Paraxylene is a particular bugbear. In 2007 in Xiamen, a city in Fujian province, tens of thousands of protestors rallied over a proposed PX plant in one of the first large displays of citizen disgruntlement with the deteriorating environment. Similar protests have since occurred in the north-eastern city of Dalian and a south-western city, Anning. A consistent pattern has emerged of government secrecy giving rise to freewheeling civic rumour, followed by street action and, finally, official acquiescence.

This is despite vigorous propaganda campaigns to assuage public fears. On March 31st, the day after the protests, the MaomingDaily, a local state-run newspaper, described PX as “an important element for building our happy life” on its front page (in Chinese). The People’s Daily, a national party mouthpiece, once said (in Chinese) that PX was no more carcinogenic than coffee. A television station in Yunnan province broadcast a series on PX production in Japan to show how the industry and the environment co-exist without issue.

What the public wants is greater transparency, and to be a part of the decison-making process.
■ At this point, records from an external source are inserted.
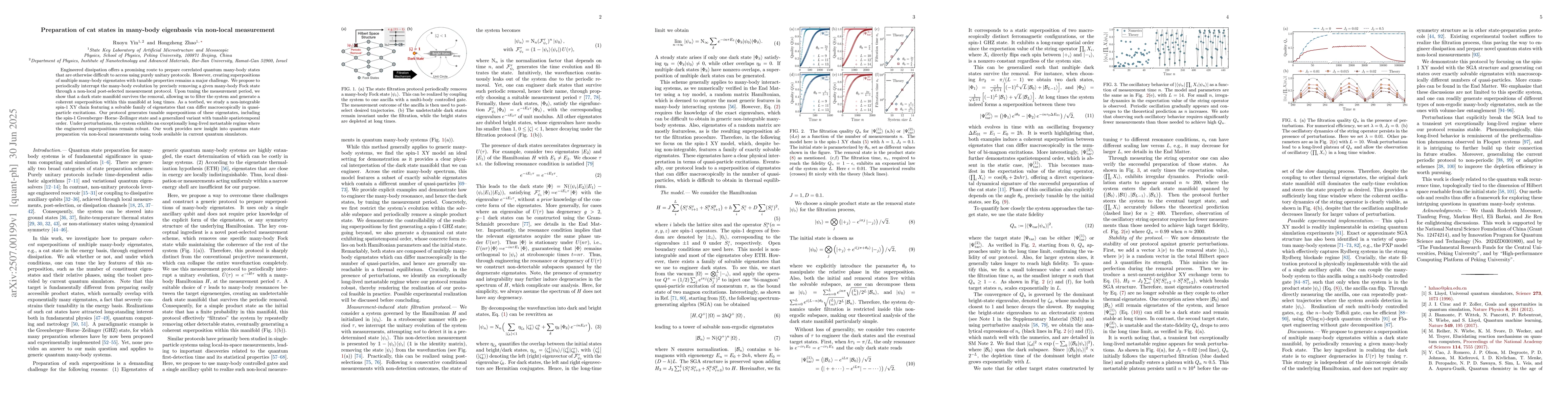 Engineered dissipation offers a promising route to prepare correlated quantum many-body states that are otherwise difficult to access using purely unitary protocols. However, creating superpositions of multiple many-body eigenstates with tunable properties remains a major challenge. We propose to periodically interrupt the many-body evolution by precisely removing a given many-body Fock state through a non-local post-selected measurement protocol. Upon tuning the measurement period, we show that a dark state manifold survives the removal, allowing us to filter the system and generate a coherent superposition within this manifold at long times. As a testbed, we study a non-integrable spin-1 XY chain featuring a solvable family of eigenstates that can differ macroscopically in quasi-particle excitations. Our protocol generates tunable superpositions of these eigenstates, including the spin-1 Greenberger-Horne-Zeilinger state and a generalized variant with tunable spatiotemporal order. Under perturbations, the system exhibits an exceptionally long-lived metastable regime where the engineered superpositions remain robust. Our work provides new insight into quantum state preparation via non-local measurements using tools available in current quantum simulators.
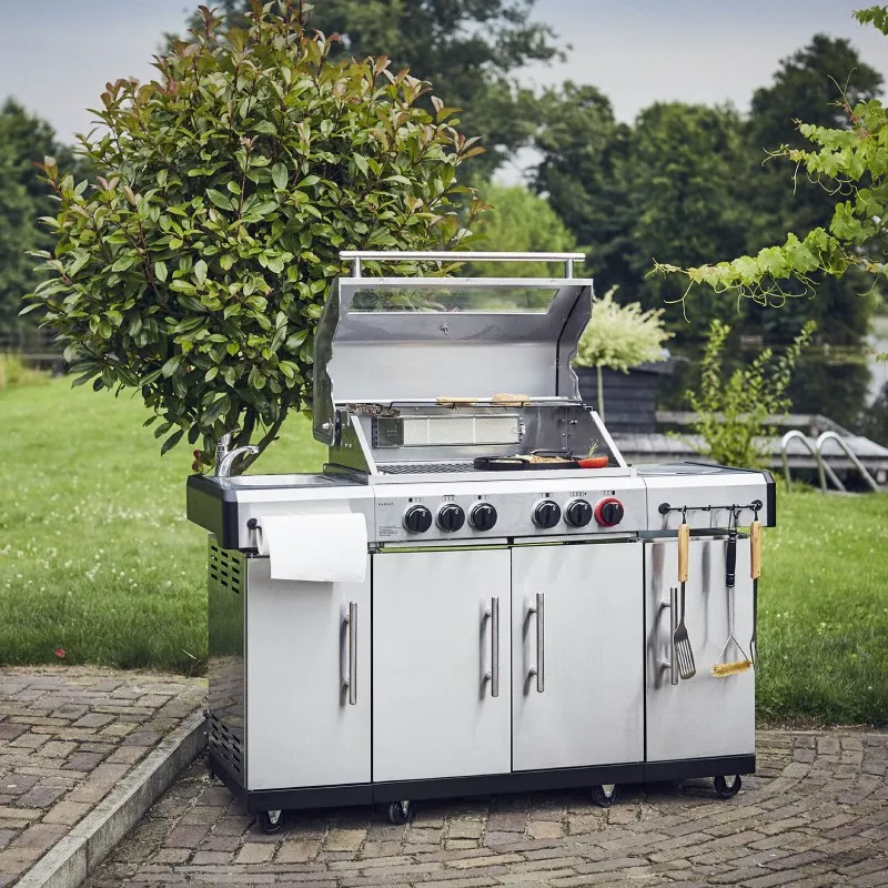 Почему именно этот гриль? Kansas Pro 4 SIK Profi Turbo – агрегат немецкой компании Enders. В нем сочетается все, что нужно опытному кулинару: многофункциональность, надежность, большая рабочая поверхность и удобство в использовании. Страстные энтузиасты барбекю действительно оценят это оборудование со встроенной мойкой, обширным пространством для хранения в основании и новейшими инновационными технологиями.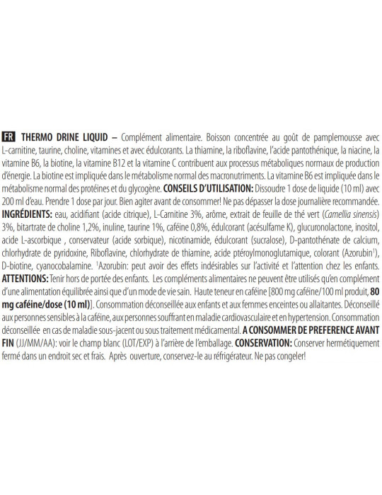 Os suplementos alimentares devem ser utilizados como parte de um estilo de vida saudável e não como substitutos de um regime alimentar variado e equilibrado. Não exceder a dose diária recomendada. Manter fora do alcance das crianças. [800 mg caféine/100 ml produit, 80 mg caféine/dose (10 ml)] Elevado teor de cafeína. Não recomendado a mulheres grávidas ou a amamentar, nem a adolescentes. Não recomendado a pessoas sensíveis à cafeína ou que sofram de doenças cardiovasculares ou de hipertensão arterial. Não é recomendado o consumo em caso de doença subjacente ou durante a toma de medicamentos. Conservar em local fresco e seco, bem fechado, na sua embalagem original, ao abrigo do calor e da luz.

Following the ruckus in Xiamen, that PX facility was moved to Zhangzhou, in Fujian province. A more conciliatory approach saw public involvement in impact assessments, reports from petrochemical experts, door-knocking cadres, overseas and domestic study trips and the necessary “positive” publicity. Zhangzhou has become a model of how to deftly handle paraxylene PR.

In contrast, the Maoming government’s furtiveness heightened unease. “There are clear and open paths [authorities] could follow, yet they hide in the shadows,” writes Liu Jianqiang, an editor at chinadialogue.net, an environmental issues website and journal. “And we are meant to not wonder what they are doing there? Who exactly is giving PX a bad name?”

For better or worse authorities will struggle to restore faith in the Maoming project now. At a press briefing on April 3rd, officials appeared to back down, saying that the plant was still in an early planning phase and would not go ahead without public consensus. If true, in a country where citizens rarely participate in policymaking, it is a small but meaningful victory.